The gorillas were, unbeknownst to Stanley, plagued with radiation and all manner of experimental chemical compounds. These compounds were usually made from completely random assortments of chemicals, with the hope that one set of treatments would render one gorilla fully conscious of the mission he was meticulously trained for, and would signal, through a series of gestures involving pointing and sign language visible via telescope, the exact coordinates for the placement of "New Moon 1" and "New Moon 2", exact replicas of our moon placed in just the right way to allow the Earth to be triangulated by three moons, which would later serve to be "possibly useful" for future plans of some kind.
It was proposed as "more of a proof of concept, really, with the possibility for practical application in the future". The organization Stanley worked for considered themselves "visionaries", founded on the ideal that "looking at the big picture gets in the way of not only thinking outside the box, but progress".
One day, a shuttle landed, fully intact, which aroused Stanley's suspicion, as every other shuttle, including his, always landed in a state of complete disrepair.
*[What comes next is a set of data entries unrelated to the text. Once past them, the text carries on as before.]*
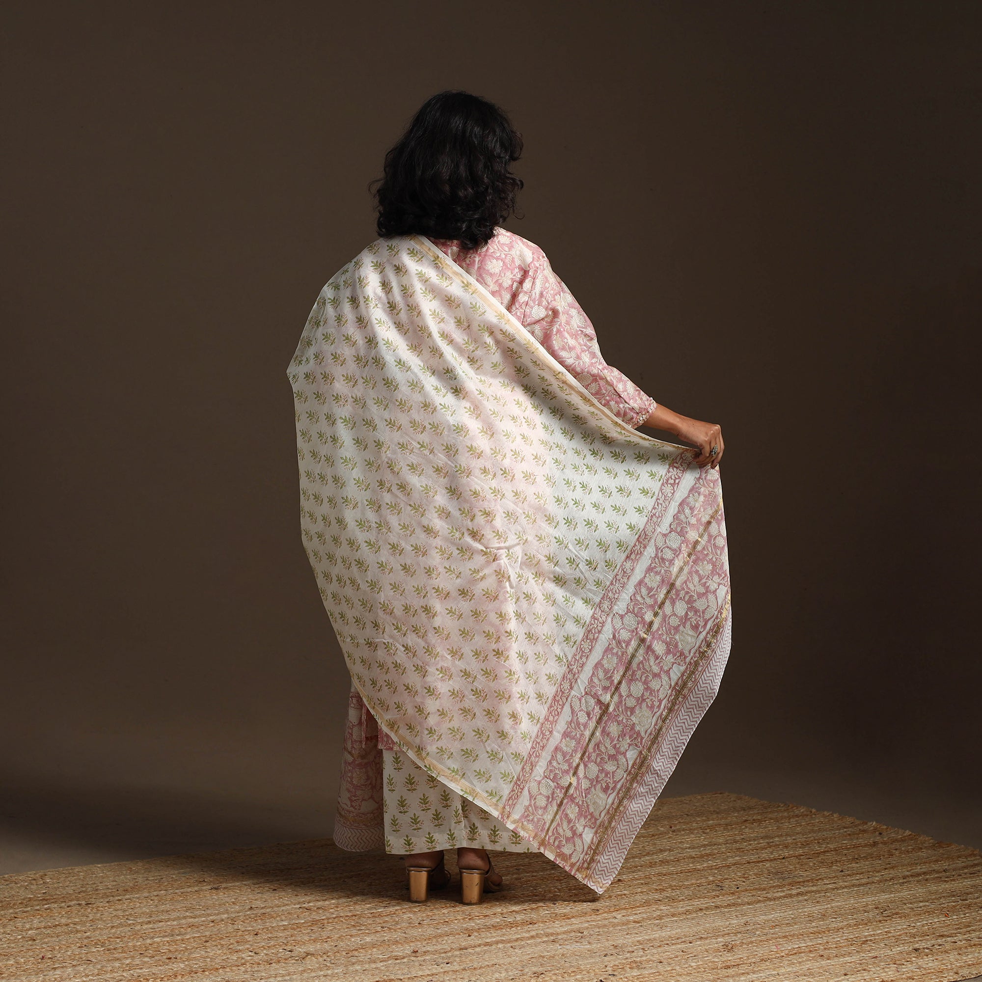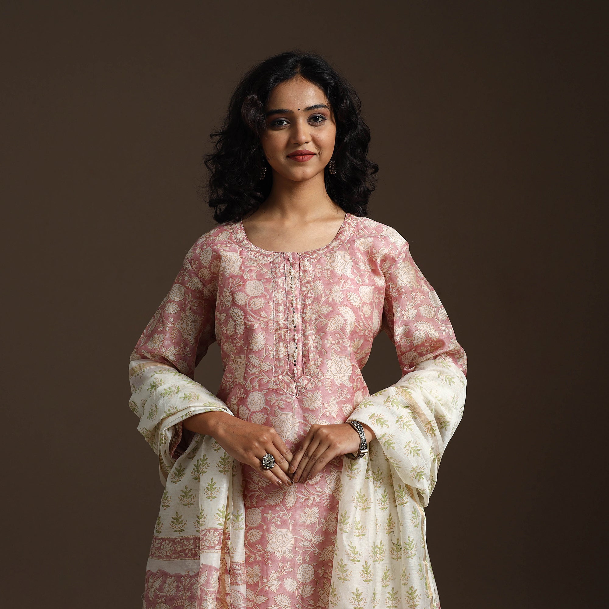 Pink hand embroidery chanderi silk cotton suit set features traditional sanganeri block printing from Rajasthan known for its fine floral patterns. Made using hand carved wooden blocks. Includes straight kurta with side pocket cotton palazzo with elastic waist and pockets and a matching dupatta. Perfect for both daily wear and special moments, it beautifully combines comfort and charm.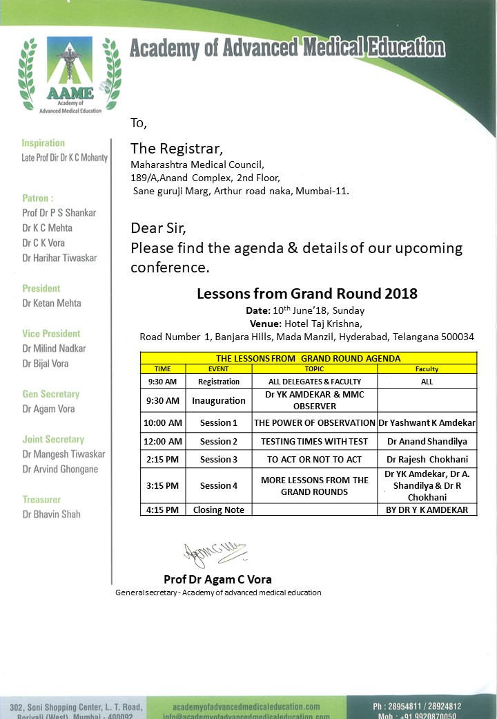 The Lessons from Grand Round 2018 June 18, 2018 / Hyderabad Brochure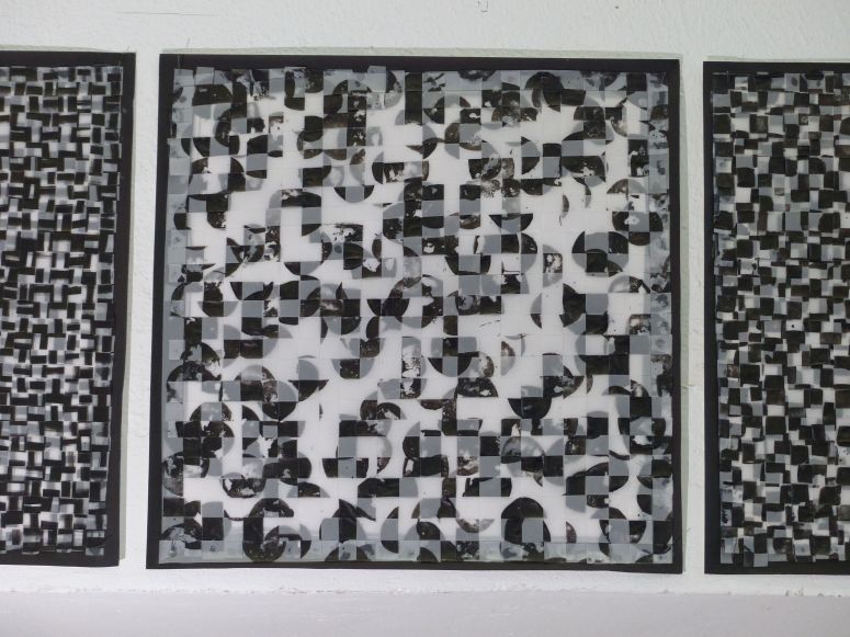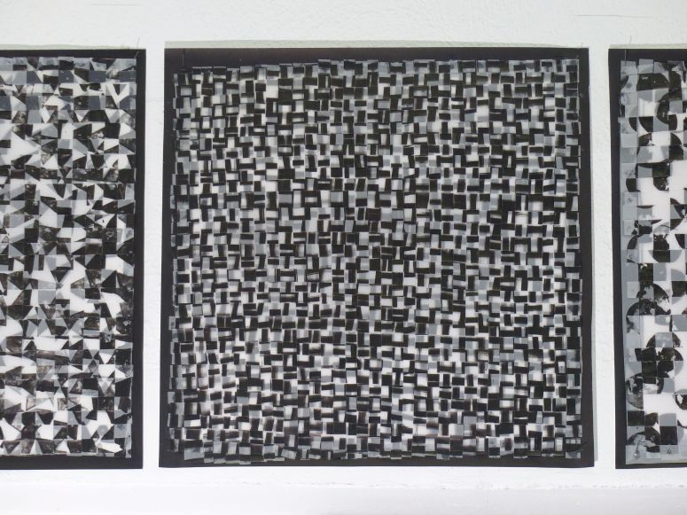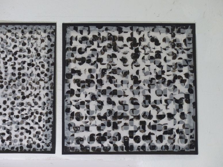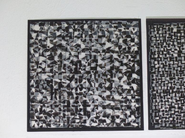 „gewebt“stammt von 2014. Geometrische Muster stempeln auf Transparentpapier, das entstandene Bild in Streifen zerschneiden, alles gut mischen, dann die Streifen neu zusammenweben, fertig ist ein neues Muster, das sich durch den Zufall malt.

His suspicions were sound, as onboard the shuttle was a crew of his fellow colleagues. Horrified at the sight of a very, very pale Stanley amidst a sea of gorilla skeletons, the crew dragged Stanley back onto the shuttle, after which he would be be tried by a tribunal of his superiors.
Midway through transit, however, a particularly unstable Stanley somehow phased through the floor of the shuttle and fell careening towards Earth. Withstanding the dangers of entering the atmosphere and impacting with terra firma, you would think Stanley was actually a very lucky fellow, and in fact, he is easily the luckiest of the team. However, his exposure to various toxins has had a profound effect on his body and mind, which has caused nearly every hour to seem like one thousand years of excruciatingly painful torment. Also, he's the errand boy of the group, which is arguably worse.
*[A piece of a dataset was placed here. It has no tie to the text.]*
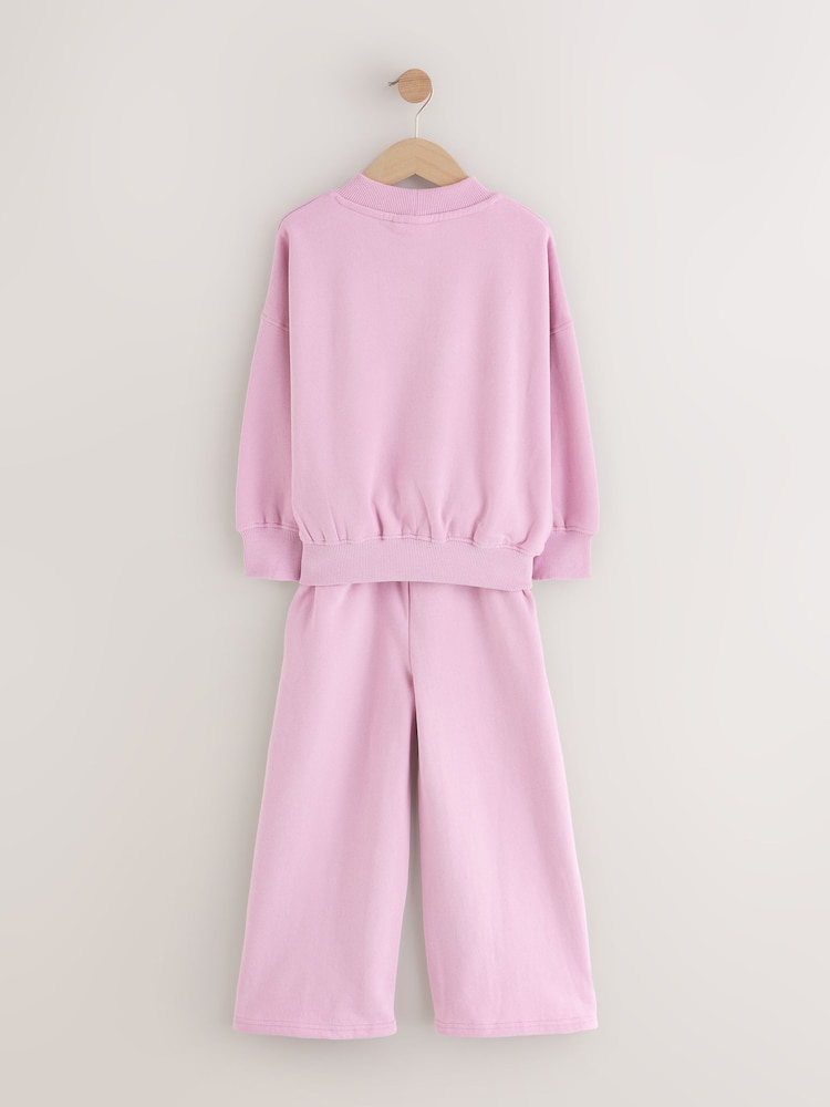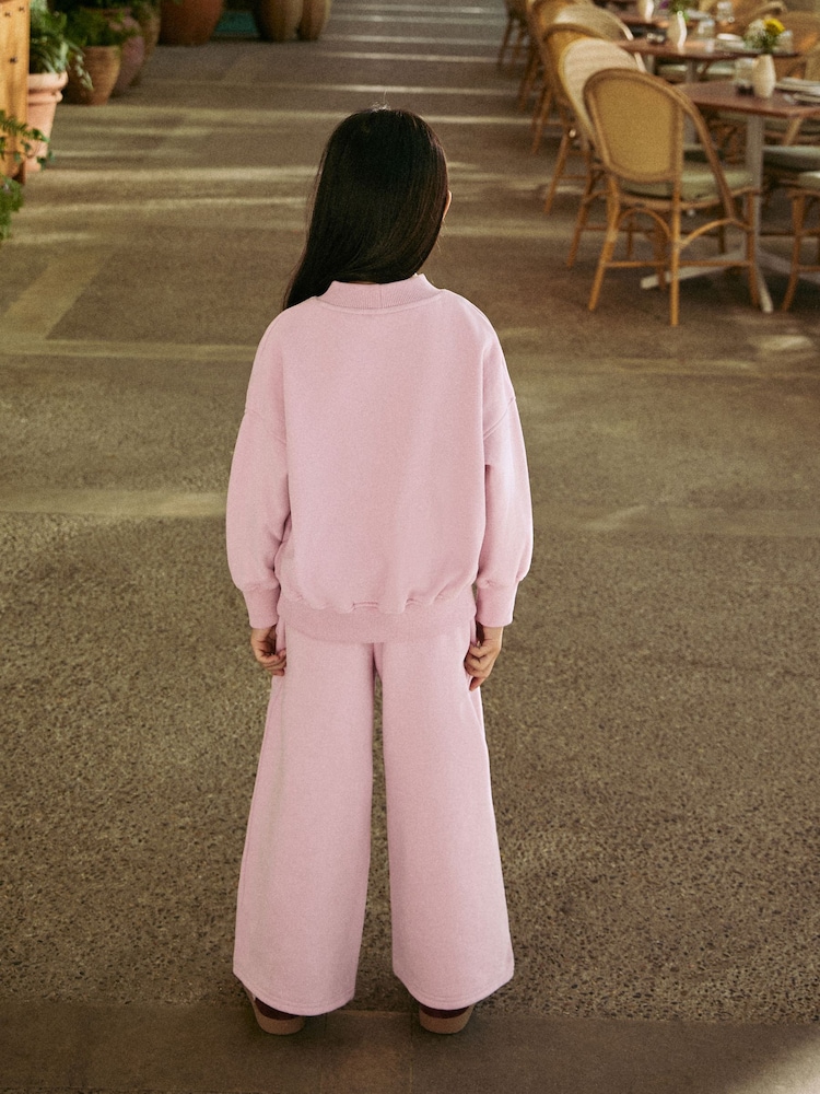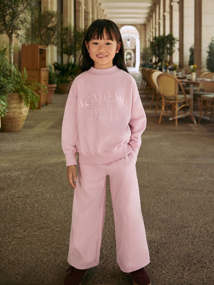 Achieve an effortless athleisure look with this versatile Slogan Sweatshirt And Wide Leg Joggers Set. This complete outfit is crafted from cotton jersey super soft brush back sweat fabric for ultimate comfort. The set features wide leg joggers with a comfortable elasticated waist, ensuring relaxed, fashionable style.

Char-broiled Charlie: They said jumping in water could put out any fire. Charlie proved them wrong.
Together, this team proves that while some guys have all the luck, some of them have none of it... at all. I recommended GOG to Shotgun Harry. He complained that none of the games he bought were DRM-free. I told him that every game is DRM-free, but somehow he's managed to be unlucky enough to end up with some form of DRM every time.
Gamblin' Leonard, of course, bought the entire catalog, and gambled it. If he won, he'd have gotten every future GOG for free. He lost, of course, and now all of his games have three time activation limits.
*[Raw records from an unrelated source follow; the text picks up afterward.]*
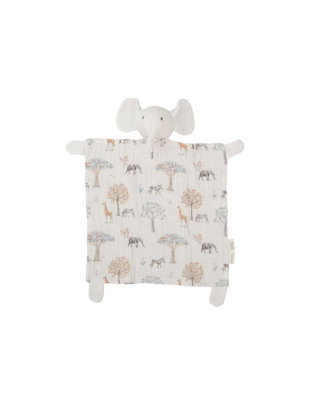 El doudou Tanzania de Bimbidreams está pensado para convertirse en ese objeto especial que acompaña al bebé en su día a día. Su formato combina un peluche suave con una mantita ligera, facilitando que el bebé lo agarre, lo manipule y lo tenga siempre cerca.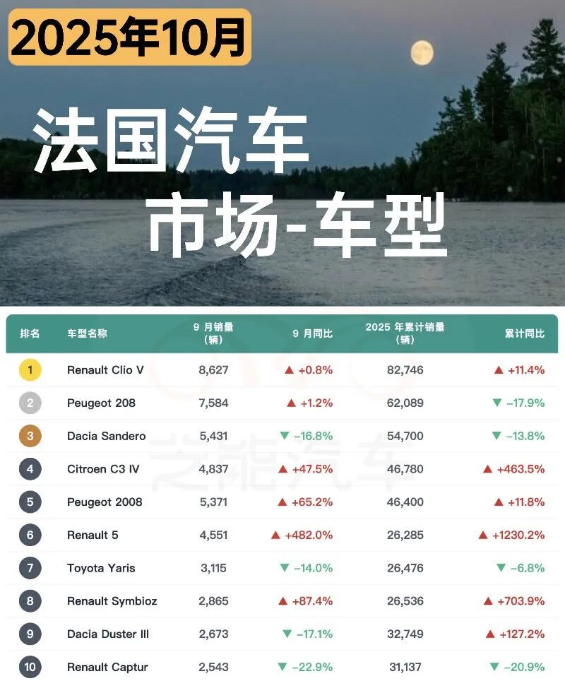 ◎雷诺5以4,551辆跃升至第六位,单月市占率3.3%,刷新历史纪录,成为法国本土市场电动车普及的重要象征;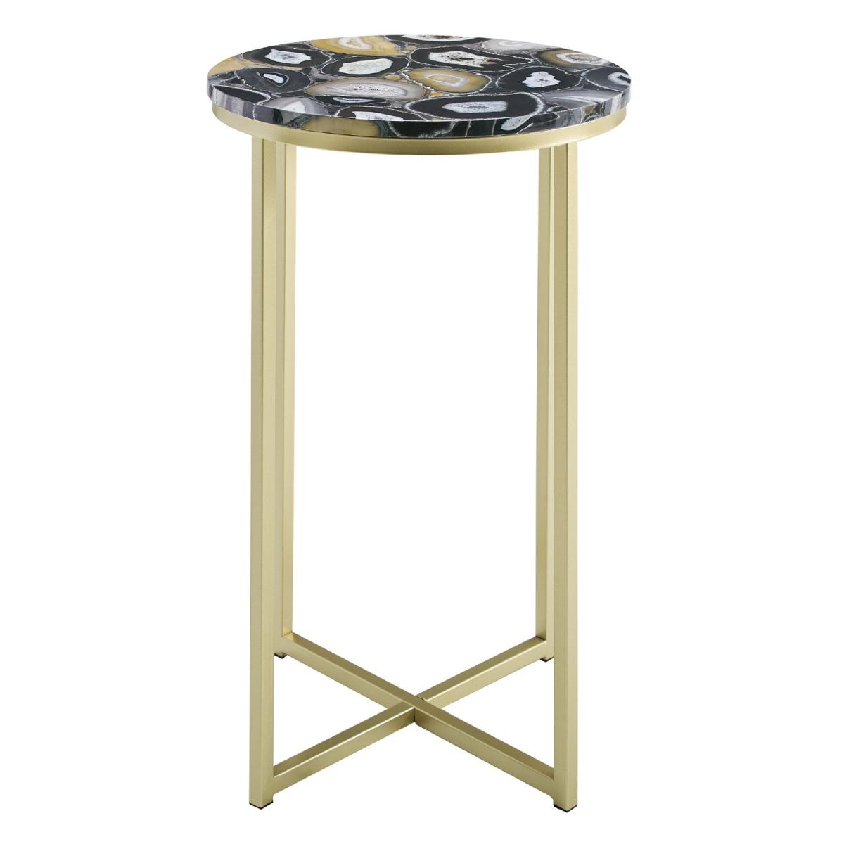 Dimensions H117 x W97 x D97 cm. Revitalise your living room with this stylish modern side table. Tapping into trends for stone tops it comes in a sliced agate or grey vein cut marble finish coated with UV gloss to provide a realistic and moisture-resistant surface for happy hour at home. The perfect companion to your luxe interior the gold metal accents add a touch of effortless glam. Its small dimensions make it ideal for squeezing into small spaces (like next to your sofa in the living room) or next to your bed as a striking contemporary bedside table. The crossed base provides extra stability for your lamps or other living room essentials and rubber capped feet keep the piece from sliding or scratching your floor. Features. Modern glam side table Faux agate or marble finishes. Painted metal X-legs. Rubber capped feet to protect flooring and prevent slidingUV gloss coating for a polished moisture-resistant finish. Made from warp-resistant MDF and durable laminate..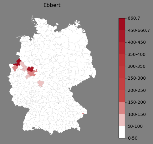 Relative Verteilung des Namens Ebbert (1996)Direkt zur Karte Die Farbskala zeigt die Anzahl von "Ebbert" bezogen auf je 1 Million Einträge. |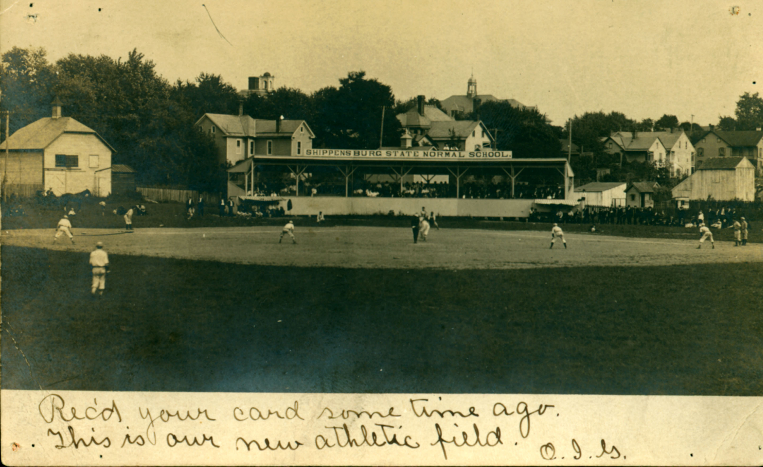 Postcard depicting baseball field. Message transcription:"Rec'd [received] your card some time ago. This is our new athletic field. O.L.G." Verso addressed to "Mr. John Grubb, Duncannon, Pa. R.F.D.[Rural Federal Delivery] 4."

Moonman Stan and Char-Broiled Charlie are in far too much agony to care about gaming, much less DRM-free gaming. I tried to explain the benefits of DRM-free, and gifted Moonman Stan copies of Planescape: Torment, Sanitarium, and Painkiller Black Edition. After playing, he expressed that "some guys have all the luck" (referring to the Nameless One, Max Laughton, and Daniel Garner). Then he stayed motionless for an hour, suddenly broke into laughter, paused, screamed a gut-wrenching cry, and then his mind appeared to wander into another plane of existence as he mumbled incoherently for the next few hours until I finally left, admitting defeat. Char-Broiled Charlie's computer recently fried, despite my lecture on proper cooling and the importance of thermal paste.
There's just no getting through to some people, I'm afraid. I certainly tried, but luck just wasn't on my side, it seems.